Specifically, regulators can benefit from six things:
- Results over data (tell me what you proved, not everything you have);
- At least information evidence (prove only what is necessary for this obligation);
- Programmable checks (enforced at the time of the transaction, where applicable);
- Strong data availability and exit mechanisms (users can always confirm their balances and withdraw);
- Verifiable Verifier Logic (inspections, test vectors, audit logs);
- No generalized back doors (disclosure only under legitimate, narrow, logged processes).
Binance is a global exchange that already uses ZKPs to demonstrate reserves.

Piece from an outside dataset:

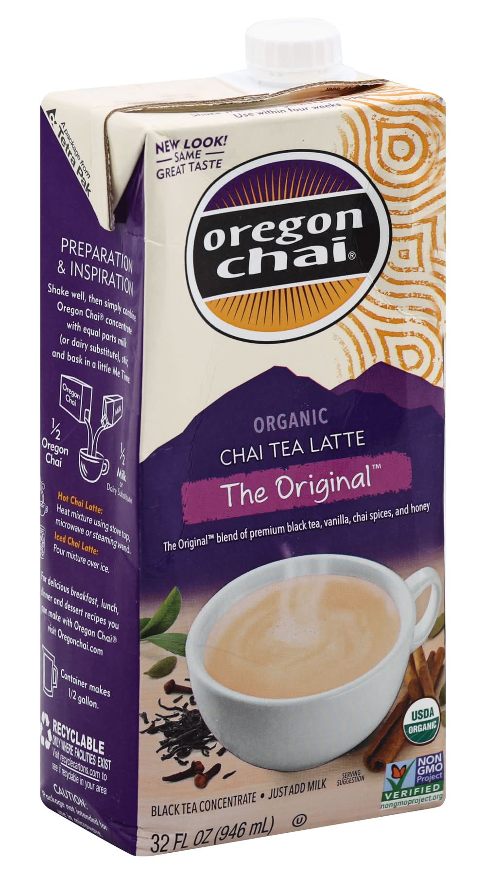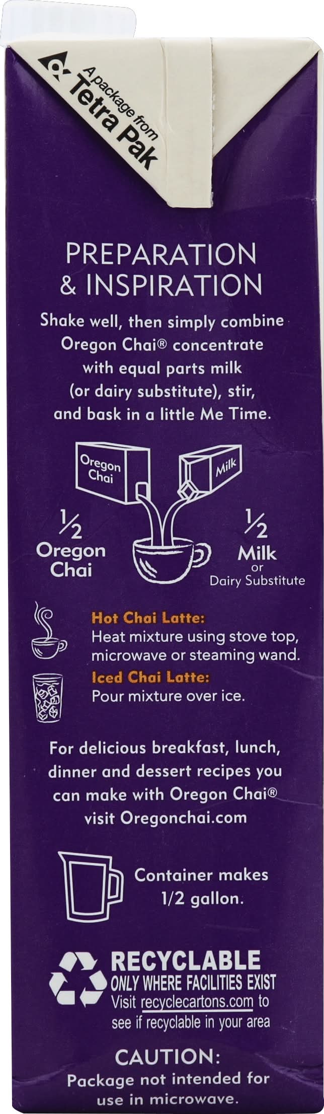 Shake well. refrigerate once open. use within four weeks. preparation & inspiration: shake well, then simply combine oregon chai concentrate with equal parts milk (or dairy substitute), stir, and bask in a little me time. 1/2 oregon chai. 1/2 milk or dairy substitute. hot chai latte: heat mixture using stove top, microwave or steaming wand. iced chai latte: pour mixture over ice.

Our proof-of-reserves (POR) system uses a Merkle tree – a cryptographic structure that condenses many account records into a single “fingerprint” – along with zero-knowledge proofs to demonstrate that customer assets are fully supported without revealing individual balances. With each POR update, users can confirm that their balance is included in the tree, while ZKPs ensure that grand totals are correct and that no negative or false balances are included. The result is independent, privacy-preserving verification of reserves that builds trust without compromising personal data.
But this is bigger than one company. If we get this right, we can make financial compliance more accurate, more respectful of privacy laws, and easier to oversee.
This will require cooperation. Regulators will need to develop evidentiary standards they accept; industry will need to adapt and incorporate the standards of evidence, and standard-setting bodies will ensure that standards of evidence are interoperable across borders.
What does success look like
Success is when a user can prove legitimacy without oversharing; a bank, VASP or stock exchange can meet AML/Travel Rules obligations with less disclosure of data; a regulator can run a verifier node and get real-time assurance; and bad actors can be exposed under clear, narrow, legal conditions.
In short, security with less transparency. As cyber risk increases, privacy laws evolve and cross-border digital finance proliferates, moving from routine mass data collection to verifiable evidence is a pragmatic upgrade of supervisory practices.
References to EU privacy law in this opinion reflect the November 2025 framework; The Commission’s digital omnibus proposal remains subject to change through the regular legislative process.